The first incident was in June 2005 when a man called the Florida Marlins to tell them Lo Duca, then with the team, owed him money, which was immediately reported to Major League Baseball, several sources familiar with the incident have said. The Marlins referred all questions about the Brooklyn-born Lo Duca to Major League Baseball.
In May, a man from Arizona, where Lo Duca was raised and his parents still live, called associates of Lo Duca’s and demanded payment for another alleged debt, and threatened to go to Shea Stadium to intimidate Lo Duca into paying.
One major league source said someone did appear at a Mets game and confronted Lo Duca from the seats behind the backstop during batting practice earlier this year. Lo Duca declined to comment through a Mets spokesman, and Mets front office personnel, security officials and NYPD officers at Shea said they did not know of such an incident.
If Lo Duca had been betting with illegal bookies, it would mark an ominous turn for the Mets’ All-Star catcher following one of the most embarrassing weeks of his life. Stories about his pending divorce and alleged infidelities, followed by gambling allegations, have knocked the war in Lebanon off the front page of some newspapers, and Lo Duca has repeatedly said he loves his estranged wife and gambles legally only on horse racing.
Before Wednesday’s Mets game, general manager Omar Minaya told reporters that the team had looked into gambling incidents involving Lo Duca, and were told by Major League Baseball and the catcher himself that he had not broken MLB rules.
But a former teammate of Lo Duca’s told The News earlier this week that while the backstop’s love of the horses is legendary, he has also enjoyed high-stakes card games on team flights and occasionally went to gamble in casinos with other teammates.
When confronted about the demanding phone calls, Lo Duca, who signed a three-year, $18 million contract in January 2005, said he had no such debts and that the calls were actually in reference to a friend of his with gambling issues, one source familiar with the incidents said.
“He said it had nothing to do with him,” the source told The News.
MLB officials declined to comment.
“We don’t talk about investigations involving players,” spokesman Rich Levin said. Levin would not say whether MLB is actively investigating Lo Duca, but MLB sources told the Daily News earlier this week that officials would be in touch with the Mets over the gambling allegations first reported in the Daily News earlier this week.
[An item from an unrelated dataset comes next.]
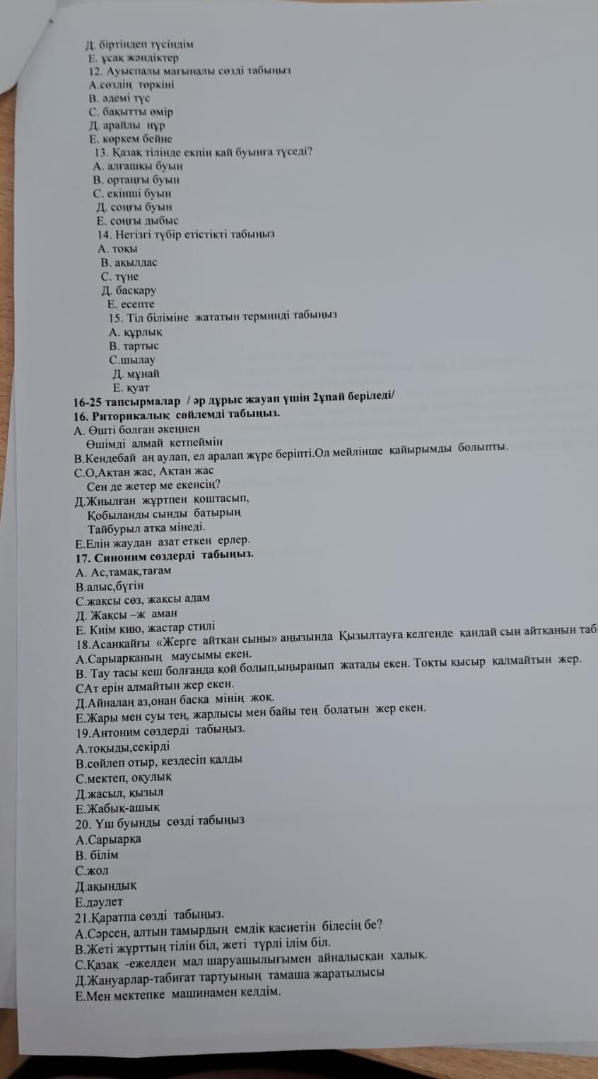 Д. бiртiндеп түсіндім Е. усак жәндіктер 12. Ауыспалы магыналы создi табыныз А.создiн торкiнi В. әдемi тус С. бакытты омiр Д. арайлы нур Е. керкем бейне 13. Казак тiлiнде екпiн кай буынга туседi? А. алгашкы буын В. ортангы буын С. екінші буын Д. сонгы буын Е. сонгы дыбыс 14. Негiзгi түбiр етiстiктi табыныз А. токы В. акылдас С.Туне Д. баскару Е. есепте 15. Тiл бiлiмiне жататын терминдi табыныз А. курлык В. тартыс С.шылау Д. мунай Е. куат 16-25 тапсырмалар /эр дұрыс жауап ушiн 2упай берiледi 16. Риторикалык сойлемді табыңыз. А. Өштi болган экеннен Өшiмдi алмай кетпеймiн В.Кендебай ан аулап, ел аралап жүре берiптi. Ол мейлінше кайырымды болыпты. С.О.Актан жас, Актан жас Сен де жетер ме екенсiн? Д.Жиылган журтпен коштасып, Кобыланды сынды батырын Тайбурыл атка мiнедi. Е.Елiн жаудан азат еткен ерлер. 17. Синоним сөздердi табыныз. А. Ас,тамак,тагам В.алыс,бугiн C.жаксы сөз, жаксы адам Д. Жаксы-ж аман Е. Киiм кию, жастар стилі 18.Асанкайгы «Жерге айткан сыны» анызында Қызылтауға келгенде кандай сын айтканын та А.Сарыарканын маусымы екен. B. Tay Tacb кеш болганда кой болып,ыныранып жатады екен. Токты кысыр калмайтын жер. CAT ерiн алмайтын жер екен. Д.Айналан азонан баска мiнiн жок. Е.Жары мен суы тен, жарлысы мен байы тең болатын жер екен. 19.Антоним сөздерді табыңыз. А.токыды,секірді В.сойлеп отыр, кездесiп калды С.мектеп, окулык Д.жасыл, кызыл Е.Жабык-ашык 20. Yш буынды сездi табыныз А.Сарыарка В. бiлiм С.жол Д.акындык Е.дәулет 21.Қаратпа сөзді табыңыз. А.Сәрсен, алтын тамырдын емдiк касиетiн бiлесiн бе? В.Жеті жұрттың тiлiн бiл, жетi турлi iлiм бiл. С.Казак -ежелден мал шаруашылығымен айналыскан халык. Д.Жануарлар-табигат тартуынын тамаша жаратылысы Е.Мен мектепке машинамен келдім.

Lo Duca’s agent, Andrew Mongelluzzi, who began representing the player earlier this year, did not return a call to his office for comment.
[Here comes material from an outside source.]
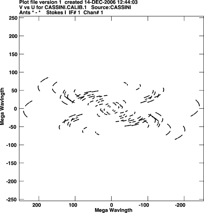 Figure 2. (U, V) sampling for Cassini during our first epoch. The sampling for the phase reference source is nearly identical.

Sources also said they were not sure whether the two incidents involved the same bookie or how much Lo Duca allegedly owed.
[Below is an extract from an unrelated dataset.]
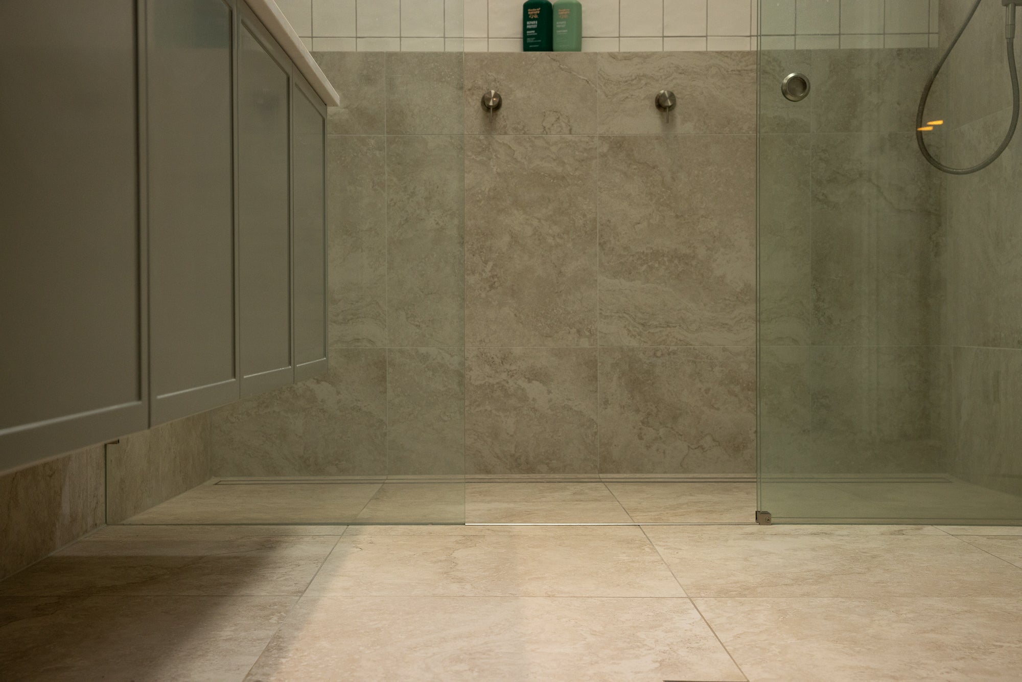 Using the same, large-format tiles from floors to walls 'colour drenches' the room and encases it in modern stone-look feels.

The sources also said they did not know what Lo Duca was betting on, and said they were not aware of any accusation that Lo Duca had wagered on baseball. Betting on baseball can lead to a one-year suspension, while betting on one’s own team could get the player banned for life.
A hint of Lo Duca’s possible gambling issues also appears in the divorce papers filed by his wife, Sonia. The petition she filed specifically asks the court to prevent Lo Duca from incurring any indebtedness, making withdrawals from accounts or entering safe deposit boxes. Her attorney said earlier this week that those and other provisions were “standard fare,” but Patrick O’Reilly, chair of the New York State Bar Association’s Family Law Section, said the request for financial prohibitions in Sonia Lo Duca’s divorce petition could be a sign of trouble.
“Usually if there’s a gambling problem, then there’s the contention that that person is wastefully dissipating the marital estate,” he said. “You don’t want somebody making transactions with money while you’re trying to find it.”
The petition, filed in Texas, does not ask for a restraining order, however, which is common in the state when a spouse fears the assets will be wasted, said family law attorney Sue M. Hall of San Antonio.
“None of this is highly aggressive or out of the ordinary,” Hall said, after reviewing the Lo Duca filing. “It’s just language that attorneys feel helps protect the person who is not in charge of the assets.”